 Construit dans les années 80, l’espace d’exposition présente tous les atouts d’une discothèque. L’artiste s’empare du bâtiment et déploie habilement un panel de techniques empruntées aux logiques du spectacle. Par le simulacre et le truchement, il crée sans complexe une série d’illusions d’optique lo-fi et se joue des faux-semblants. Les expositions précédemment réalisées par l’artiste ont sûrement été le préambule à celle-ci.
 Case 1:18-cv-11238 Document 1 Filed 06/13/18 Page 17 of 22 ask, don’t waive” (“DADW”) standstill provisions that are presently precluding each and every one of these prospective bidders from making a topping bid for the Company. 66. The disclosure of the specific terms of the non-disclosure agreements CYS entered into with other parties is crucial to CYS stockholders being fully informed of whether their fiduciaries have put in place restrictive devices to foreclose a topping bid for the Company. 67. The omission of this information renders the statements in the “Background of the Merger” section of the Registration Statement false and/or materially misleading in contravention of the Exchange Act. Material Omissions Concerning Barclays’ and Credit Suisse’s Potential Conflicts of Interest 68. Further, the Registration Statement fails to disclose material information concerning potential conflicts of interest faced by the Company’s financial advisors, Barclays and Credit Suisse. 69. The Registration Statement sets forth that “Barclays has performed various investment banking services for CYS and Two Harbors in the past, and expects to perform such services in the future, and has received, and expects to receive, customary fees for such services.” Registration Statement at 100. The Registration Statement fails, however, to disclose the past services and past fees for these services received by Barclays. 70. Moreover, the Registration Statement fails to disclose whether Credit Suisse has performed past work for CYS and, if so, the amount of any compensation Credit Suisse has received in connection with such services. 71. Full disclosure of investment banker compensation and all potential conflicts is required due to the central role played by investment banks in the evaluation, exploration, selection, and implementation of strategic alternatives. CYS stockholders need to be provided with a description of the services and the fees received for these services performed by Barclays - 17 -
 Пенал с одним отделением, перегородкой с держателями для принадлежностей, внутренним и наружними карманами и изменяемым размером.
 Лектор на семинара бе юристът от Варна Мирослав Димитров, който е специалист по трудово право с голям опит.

■ ■ ■ ■ ■ ■ ■

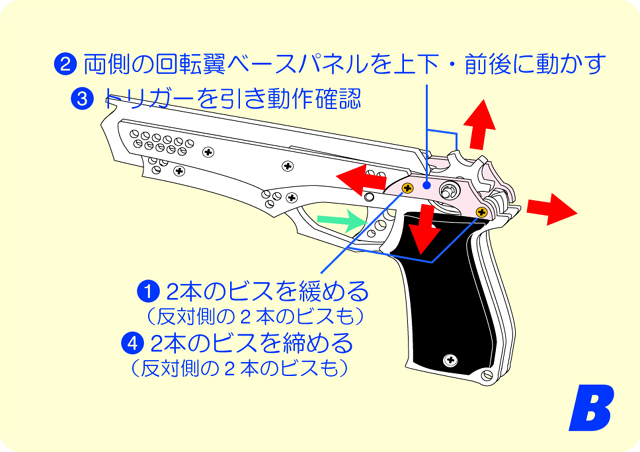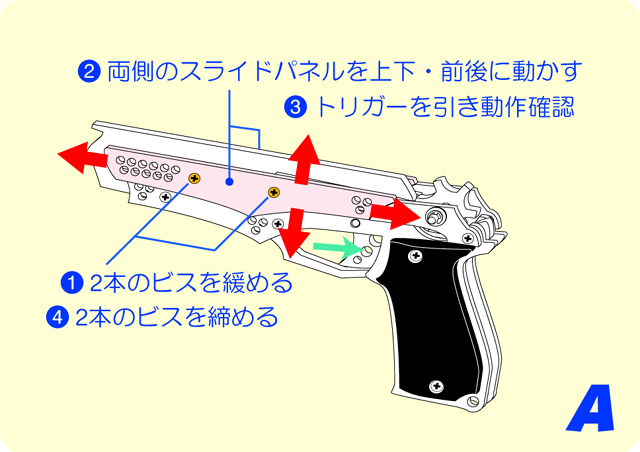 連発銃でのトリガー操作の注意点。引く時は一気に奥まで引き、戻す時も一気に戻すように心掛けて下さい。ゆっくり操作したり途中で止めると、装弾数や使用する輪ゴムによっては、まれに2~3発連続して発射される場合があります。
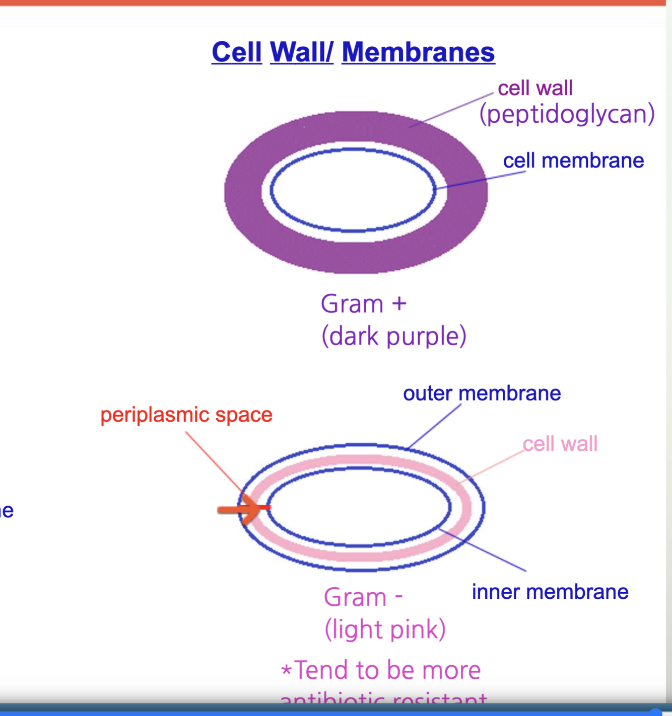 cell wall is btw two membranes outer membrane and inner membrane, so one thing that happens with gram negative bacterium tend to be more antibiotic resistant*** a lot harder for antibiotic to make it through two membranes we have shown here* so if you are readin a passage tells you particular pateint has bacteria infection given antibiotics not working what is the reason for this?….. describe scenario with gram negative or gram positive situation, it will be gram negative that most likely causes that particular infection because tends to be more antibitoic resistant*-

■ ■ ■ ■ ■ ■ ■

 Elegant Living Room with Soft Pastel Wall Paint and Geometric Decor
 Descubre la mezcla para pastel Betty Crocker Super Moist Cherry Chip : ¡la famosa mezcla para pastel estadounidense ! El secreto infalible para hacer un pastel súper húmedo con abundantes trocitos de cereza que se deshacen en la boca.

■ ■ ■ ■ ■ ■ ■

• **What the exercise asks**:
Which part of the entries opens with the line containing "連発銃でのトリガー操作の注意" and closes with the line containing "cell wall is"? Output that part exactly, ends included, pictures excluded.

• **Completed task**:
 連発銃でのトリガー操作の注意点。引く時は一気に奥まで引き、戻す時も一気に戻すように心掛けて下さい。ゆっくり操作したり途中で止めると、装弾数や使用する輪ゴムによっては、まれに2~3発連続して発射される場合があります。
 cell wall is btw two membranes outer membrane and inner membrane, so one thing that happens with gram negative bacterium tend to be more antibiotic resistant*** a lot harder for antibiotic to make it through two membranes we have shown here* so if you are readin a passage tells you particular pateint has bacteria infection given antibiotics not working what is the reason for this?….. describe scenario with gram negative or gram positive situation, it will be gram negative that most likely causes that particular infection because tends to be more antibitoic resistant*-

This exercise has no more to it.